━━━━━ RECORDS FOR THE EXERCISE ━━━━━
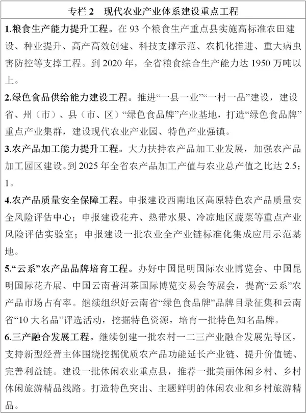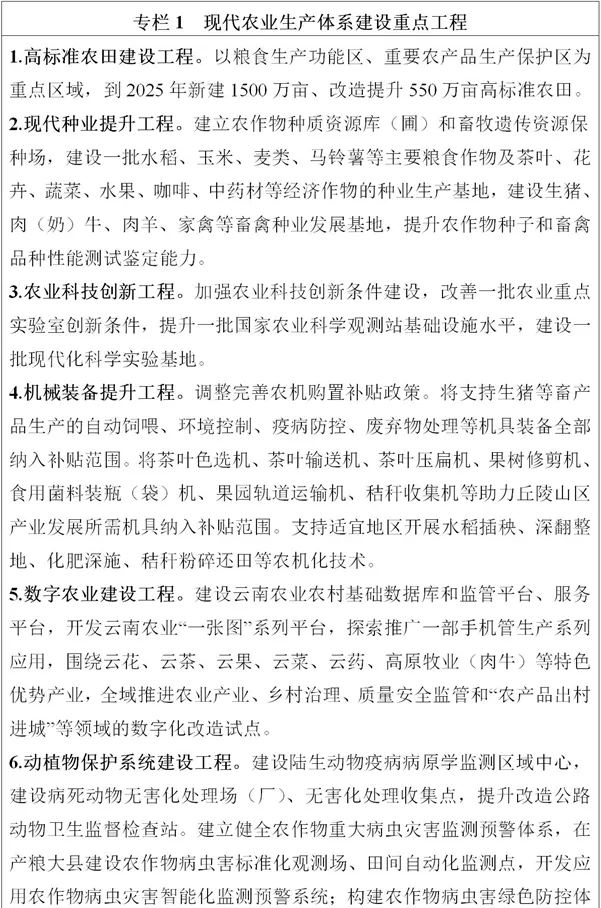 全力穩(wěn)定糧食綜合產(chǎn)能。堅持藏糧于地、藏糧于技,樹立大食物安全觀,立足糧食供需平衡區(qū)的基本省情,確保糧食種植面積穩(wěn)定在6250萬畝左右,在93個稻谷、玉米、小麥等糧食生產(chǎn)重點縣(市、區(qū))集中連片建設(shè)糧食生產(chǎn)核心區(qū),打造一批綠色高質(zhì)高效示范基地。在“九湖兩江”流域大力推廣“水稻+”綜合種養(yǎng)模式,探索水稻田保護(hù)和農(nóng)業(yè)綠色生態(tài)發(fā)展路徑。努力挖掘糧食生產(chǎn)潛能,大力發(fā)展晚秋糧食生產(chǎn)和冬季農(nóng)業(yè)開發(fā),擴大小雜糧、小雜豆、馬鈴薯、鮮食玉米等糧食作物面積。到2025年,全省糧食產(chǎn)量達(dá)1950萬噸?v深推進(jìn)特色產(chǎn)業(yè)發(fā)展。圍繞糧食、茶葉、花卉、水果、蔬菜、堅果、咖啡、中藥材、生豬、肉牛等“綠色食品牌”重點產(chǎn)業(yè),深入實施“一二三”行動,打造“一縣一業(yè)”,抓住種子和電商兩端,推進(jìn)設(shè)施化、有機化、數(shù)字化發(fā)展。到2025年,“綠色食品牌”重點產(chǎn)業(yè)綜合產(chǎn)值實現(xiàn)翻番。穩(wěn)定糖料蔗產(chǎn)能。鞏固臨滄市、普洱市、德宏州、西雙版納州等適宜區(qū)種植面積,加快中低產(chǎn)蔗田改造,加強適宜丘陵山地機具的研發(fā)和推廣應(yīng)用,到2025年,全省糖料蔗產(chǎn)量穩(wěn)定在1600萬噸左右。促進(jìn)橡膠產(chǎn)業(yè)轉(zhuǎn)型升級。擴面增產(chǎn)、強質(zhì)提特、輻射全國,西雙版納州、普洱市等地區(qū)加快發(fā)展特種膠園,因地制宜發(fā)展生態(tài)膠園,打造國內(nèi)天然橡膠生產(chǎn)供應(yīng)主基地。加快綠色生態(tài)漁業(yè)發(fā)展。
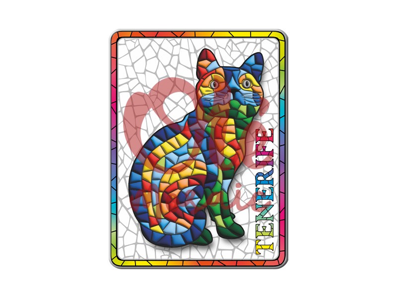 Imán metálico de 8 cm con el simpático diseño de un gato típico de Tenerife. Este imán presenta una composición colorida en tonos vibrantes, inspirada en el arte del mosaico, que destaca por su alegre paleta visual con rojos, amarillos, azules y verdes. Decorado con un fondo blanco que imita la textura de la cerámica tradicional, el imán incluye la inscripción «TENERIFE», convirtiéndolo en un recuerdo perfecto de la isla.
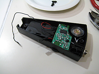 電源部分の組立て完了! 内臓アンプとスピーカーの電源は単三電池(2本) ニョロっと出てるのはアースです。 |
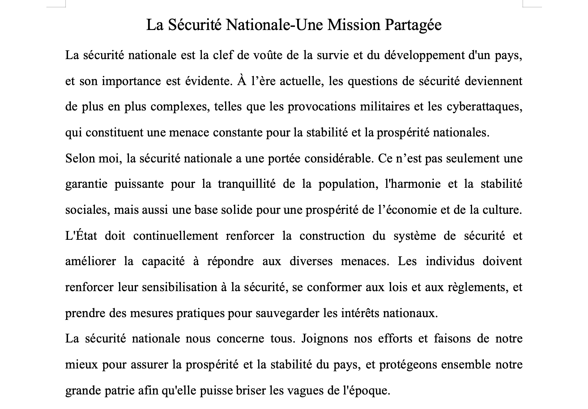 本次活动结合“一站式”员工社区主题系列活动相关要求,聚焦新时代国家安全取得的重大成就,并以总体国家安全观为引领,征集体现国家安全理念的外语征文,收到来自不同公司同学的20份投稿,参赛同学详细阐述和平与国家安全重要性,并强调个人在维护国家安全方面的责任,特别强调要加强对国家安全的敏感性和警惕性。
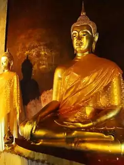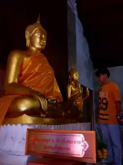 The religious demons found out, so they sneaked in and cut off the Buddha image's head, causing great sadness to the Buddhists of Phetchaburi. Later, they molded a new Buddha head, connected it to the original Buddha image, and restored it with lacquer and gold leaf.
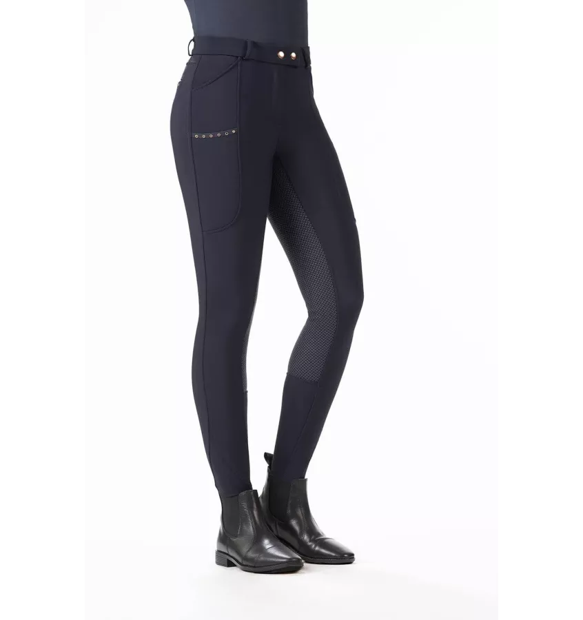 Eleganckie i klasyczne bryczesy z pełnym lejem silikonowym. Zdobione elementami w kolorze rosegold. Posiadają podszewkę z mikropolaru.
━━━━━
ASSIGNMENT> Return every line above exactly, omitting images.

EXPECTED ANSWER>
 全力穩(wěn)定糧食綜合產(chǎn)能。堅持藏糧于地、藏糧于技,樹立大食物安全觀,立足糧食供需平衡區(qū)的基本省情,確保糧食種植面積穩(wěn)定在6250萬畝左右,在93個稻谷、玉米、小麥等糧食生產(chǎn)重點縣(市、區(qū))集中連片建設(shè)糧食生產(chǎn)核心區(qū),打造一批綠色高質(zhì)高效示范基地。在“九湖兩江”流域大力推廣“水稻+”綜合種養(yǎng)模式,探索水稻田保護(hù)和農(nóng)業(yè)綠色生態(tài)發(fā)展路徑。努力挖掘糧食生產(chǎn)潛能,大力發(fā)展晚秋糧食生產(chǎn)和冬季農(nóng)業(yè)開發(fā),擴大小雜糧、小雜豆、馬鈴薯、鮮食玉米等糧食作物面積。到2025年,全省糧食產(chǎn)量達(dá)1950萬噸?v深推進(jìn)特色產(chǎn)業(yè)發(fā)展。圍繞糧食、茶葉、花卉、水果、蔬菜、堅果、咖啡、中藥材、生豬、肉牛等“綠色食品牌”重點產(chǎn)業(yè),深入實施“一二三”行動,打造“一縣一業(yè)”,抓住種子和電商兩端,推進(jìn)設(shè)施化、有機化、數(shù)字化發(fā)展。到2025年,“綠色食品牌”重點產(chǎn)業(yè)綜合產(chǎn)值實現(xiàn)翻番。穩(wěn)定糖料蔗產(chǎn)能。鞏固臨滄市、普洱市、德宏州、西雙版納州等適宜區(qū)種植面積,加快中低產(chǎn)蔗田改造,加強適宜丘陵山地機具的研發(fā)和推廣應(yīng)用,到2025年,全省糖料蔗產(chǎn)量穩(wěn)定在1600萬噸左右。促進(jìn)橡膠產(chǎn)業(yè)轉(zhuǎn)型升級。擴面增產(chǎn)、強質(zhì)提特、輻射全國,西雙版納州、普洱市等地區(qū)加快發(fā)展特種膠園,因地制宜發(fā)展生態(tài)膠園,打造國內(nèi)天然橡膠生產(chǎn)供應(yīng)主基地。加快綠色生態(tài)漁業(yè)發(fā)展。
 Imán metálico de 8 cm con el simpático diseño de un gato típico de Tenerife. Este imán presenta una composición colorida en tonos vibrantes, inspirada en el arte del mosaico, que destaca por su alegre paleta visual con rojos, amarillos, azules y verdes. Decorado con un fondo blanco que imita la textura de la cerámica tradicional, el imán incluye la inscripción «TENERIFE», convirtiéndolo en un recuerdo perfecto de la isla.
 電源部分の組立て完了! 内臓アンプとスピーカーの電源は単三電池(2本) ニョロっと出てるのはアースです。 |
 本次活动结合“一站式”员工社区主题系列活动相关要求,聚焦新时代国家安全取得的重大成就,并以总体国家安全观为引领,征集体现国家安全理念的外语征文,收到来自不同公司同学的20份投稿,参赛同学详细阐述和平与国家安全重要性,并强调个人在维护国家安全方面的责任,特别强调要加强对国家安全的敏感性和警惕性。
 The religious demons found out, so they sneaked in and cut off the Buddha image's head, causing great sadness to the Buddhists of Phetchaburi. Later, they molded a new Buddha head, connected it to the original Buddha image, and restored it with lacquer and gold leaf.
 Eleganckie i klasyczne bryczesy z pełnym lejem silikonowym. Zdobione elementami w kolorze rosegold. Posiadają podszewkę z mikropolaru.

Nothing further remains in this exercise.